PROVIDED DATA section start
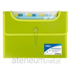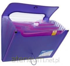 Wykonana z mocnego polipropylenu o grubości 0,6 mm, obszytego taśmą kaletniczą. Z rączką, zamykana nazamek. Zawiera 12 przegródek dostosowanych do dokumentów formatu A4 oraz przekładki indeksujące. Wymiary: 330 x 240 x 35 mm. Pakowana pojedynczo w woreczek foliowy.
PROVIDED DATA section end
PROVIDED DATA section start
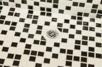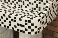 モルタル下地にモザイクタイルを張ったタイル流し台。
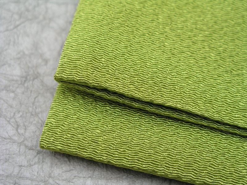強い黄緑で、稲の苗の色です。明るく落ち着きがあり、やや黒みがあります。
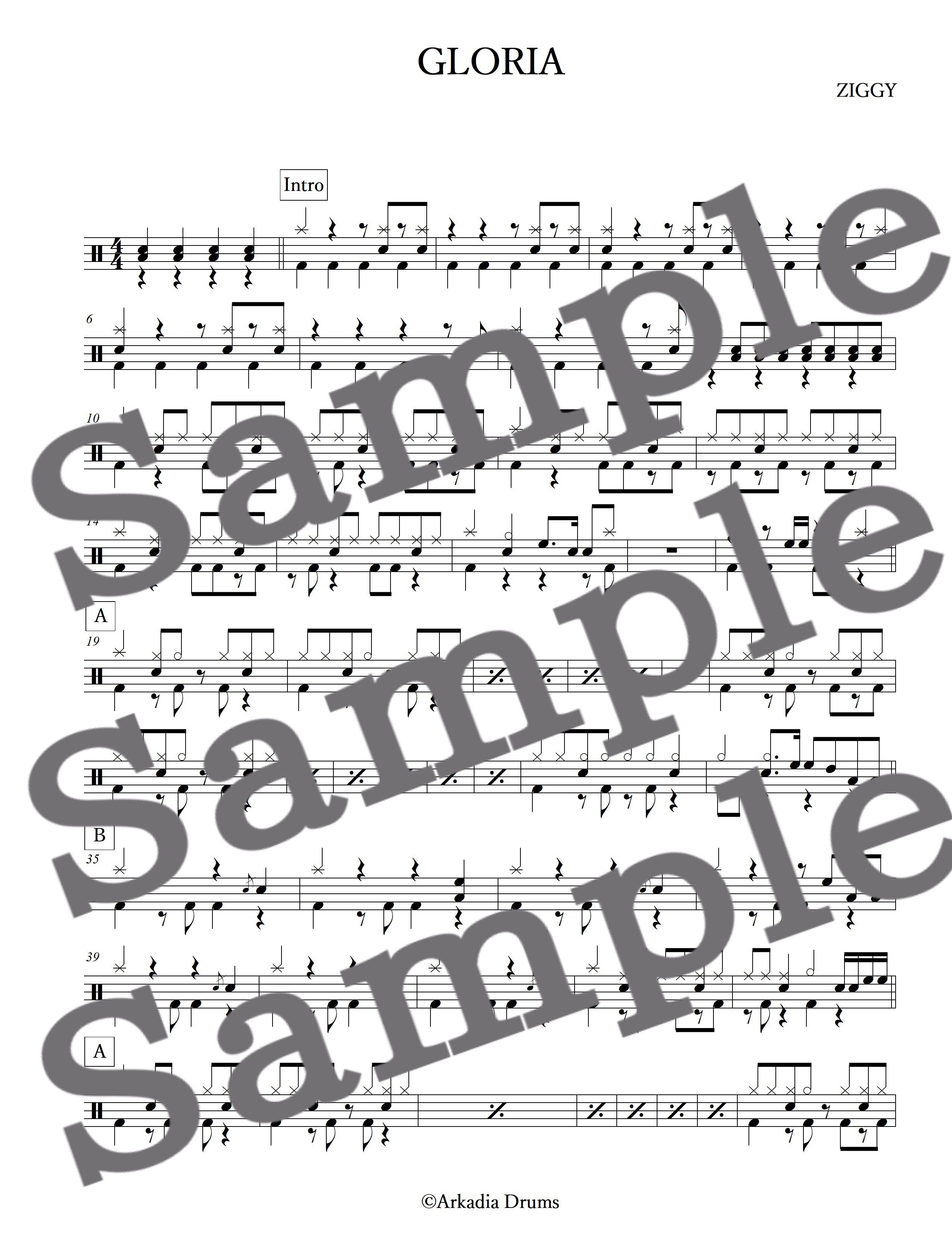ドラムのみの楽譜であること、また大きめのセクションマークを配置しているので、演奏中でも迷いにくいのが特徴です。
PROVIDED DATA section end
**TASK OBJECTIVE**
Starting at the line above that has "モルタル下地にモザイクタイルを張ったタイル流し台。" and ending at the line that has "ドラムのみの楽譜であること、", copy each line exactly, leaving the pictures out and adding nothing.

**WORKED SOLUTION**
 モルタル下地にモザイクタイルを張ったタイル流し台。
強い黄緑で、稲の苗の色です。明るく落ち着きがあり、やや黒みがあります。
ドラムのみの楽譜であること、また大きめのセクションマークを配置しているので、演奏中でも迷いにくいのが特徴です。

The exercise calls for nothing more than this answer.